A terahertz design that can be etched onto microchips has managed to improve the power output of chip-mounted terahertz lasers by 80%.

The design, developed by researchers at MIT, Sandia National Laboratories and the University of Toronto, is a new variation on a device called a quantum cascade laser with distributed feedback.

“We started with this because it was the best out there,” said Ali Khalatpour, a graduate student in electrical engineering and computer science and first author on the paper. “It has the optimum performance for terahertz.”

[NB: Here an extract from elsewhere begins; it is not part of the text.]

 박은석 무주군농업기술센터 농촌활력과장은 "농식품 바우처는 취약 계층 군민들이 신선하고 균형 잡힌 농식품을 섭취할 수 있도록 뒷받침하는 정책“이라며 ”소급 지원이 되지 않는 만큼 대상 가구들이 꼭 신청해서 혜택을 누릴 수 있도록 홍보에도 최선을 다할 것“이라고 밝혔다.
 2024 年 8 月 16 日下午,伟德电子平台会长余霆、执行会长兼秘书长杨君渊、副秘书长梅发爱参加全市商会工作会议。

Until now, however, the device has had a major drawback, which is that it naturally emits radiation in two opposed directions. Since most applications of terahertz radiation require directed light, that means that the device squanders half of its energy output. Khalatpour and his colleagues found a way to redirect 80% of the light that usually exits the back of the laser, so that it travels in the desired direction.

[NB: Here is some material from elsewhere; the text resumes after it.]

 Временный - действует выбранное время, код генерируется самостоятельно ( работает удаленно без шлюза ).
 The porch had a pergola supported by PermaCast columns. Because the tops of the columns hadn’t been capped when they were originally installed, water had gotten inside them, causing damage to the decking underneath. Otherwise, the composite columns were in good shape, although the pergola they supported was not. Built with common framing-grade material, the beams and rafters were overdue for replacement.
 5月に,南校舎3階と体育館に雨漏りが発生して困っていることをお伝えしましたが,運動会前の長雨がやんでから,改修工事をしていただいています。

The design, according to Khalatpour, is not tied to any particular “gain medium,” or combination of materials in the body of the laser.

“If we come up with a better gain medium, we can double its output power, too,” Khalatpour said. “We increased power without designing a new active medium, which is pretty hard. Usually, even a 10% increase requires a lot of work in every aspect of the design.”

Bidirectional emission, or emission of light in opposed directions, is a common feature of many laser designs. With conventional lasers, it’s easily remedied by putting a mirror over one end of the laser. However, the wavelength of terahertz radiation is so long, and the researchers’ new lasers—known as photonic wire lasers—are so small, that much of the electromagnetic wave traveling the laser’s length actually lies outside the laser’s body. A mirror at one end of the laser would reflect back a tiny fraction of the wave’s total energy.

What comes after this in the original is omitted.